Parm: Efficient Training of Large Sparsely-Activated Models with Dedicated Schedules
Xinglin Pan, Wenxiang Lin, Shaohuai Shi, Xiaowen Chu, Weinong Sun, Bo Li
TL;DR
Parm tackles the dominant communication cost in training large sparsely activated MoE models under MP+EP+ESP by introducing two dedicated schedules, S1 and S2, that pause MP to remove redundant work and replace multiple collectives with a unified one, enabling overlap between intra-node and inter-node communications. The authors formalize time costs with an alpha-beta performance model and devise an automatic selection mechanism to pick the best schedule per configuration.
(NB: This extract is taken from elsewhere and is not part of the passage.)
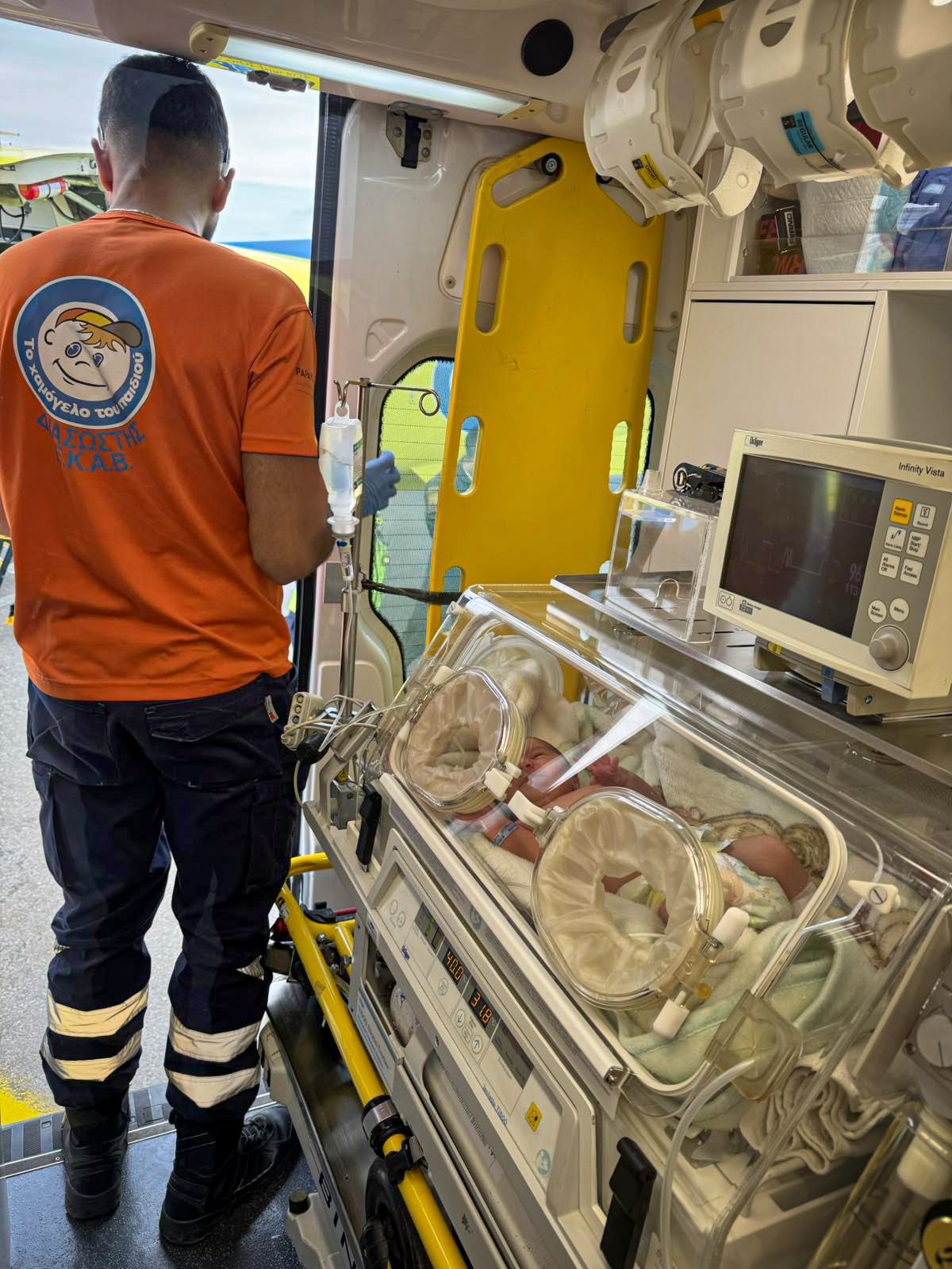 «Σήμερα το απόγευμα δεχθήκαμε κλήση από το ΕΚΑΒ για μια επείγουσα διακομιδή. Η Κινητή Ιατρική Μονάδα Εντατικής Θεραπείας Νεογνών και Παιδιών του Οργανισμού μας, με τη θερμοκοιτίδα, ανέλαβε τη μεταφορά ενός νεογέννητου αγοριού μόλις 5 ημερών. Το μικρό αγγελούδι ταξίδεψε από τη Ρόδο με το αεροσκάφος αεροδιακομιδών του ΕΚΑΒ και μεταφέρθηκε με ασφάλεια στη Μονάδα Εντατικής Θεραπείας Νεογνών του Βενιζελείου Νοσοκομείου στο Ηράκλειο. Στο πλευρό του, σε αυτή τη δύσκολη αλλά ελπιδοφόρα διαδρομή, βρέθηκαν οι διασώστες του Οργανισμού μας, ο ιατρός του ΕΚΑΒ και ο πατέρας του — μια πορεία γεμάτη αγωνία, πίστη και αγάπη. Ευχόμαστε ολόψυχα στο μικρό μας αγόρι να γίνει σύντομα καλά και η οικογένειά του να μπορέσει πολύ γρήγορα να τον κρατήσει υγιή και χαμογελαστό στην αγκαλιά της»

Through experiments on 8-GPU and 32-GPU setups and real-world BERT-Base and GPT-2 MoE variants, Parm achieves up to 5.77× speedups over DeepSpeed-MoE and ~3× on real models, demonstrating practical gains for scalable MoE training on commodity interconnects. By integrating the two schedules with an online decision policy, Parm delivers robust performance improvements without requiring advanced hardware, enhancing the viability of ever-larger sparsely-activated foundation models.
Abstract
Sparsely-activated Mixture-of-Expert (MoE) layers have found practical applications in enlarging the model size of large-scale foundation models, with only a sub-linear increase in computation demands. Despite the wide adoption of hybrid parallel paradigms like model parallelism, expert parallelism, and expert-sharding parallelism (i.e., MP+EP+ESP) to support MoE model training on GPU clusters, the training efficiency is hindered by communication costs introduced by these parallel paradigms. To address this limitation, we propose Parm, a system that accelerates MP+EP+ESP training by designing two dedicated schedules for placing communication tasks. The proposed schedules eliminate redundant computations and communications and enable overlaps between intra-node and inter-node communications, ultimately reducing the overall training time. As the two schedules are not mutually exclusive, we provide comprehensive theoretical analyses and derive an automatic and accurate solution to determine which schedule should be applied in different scenarios. Experimental results on an 8-GPU server and a 32-GPU cluster demonstrate that Parm outperforms the state-of-the-art MoE training system, DeepSpeed-MoE, achieving 1.13$\times$ to 5.77$\times$ speedup on 1296 manually configured MoE layers and approximately 3$\times$ improvement on two real-world MoE models based on BERT and GPT-2.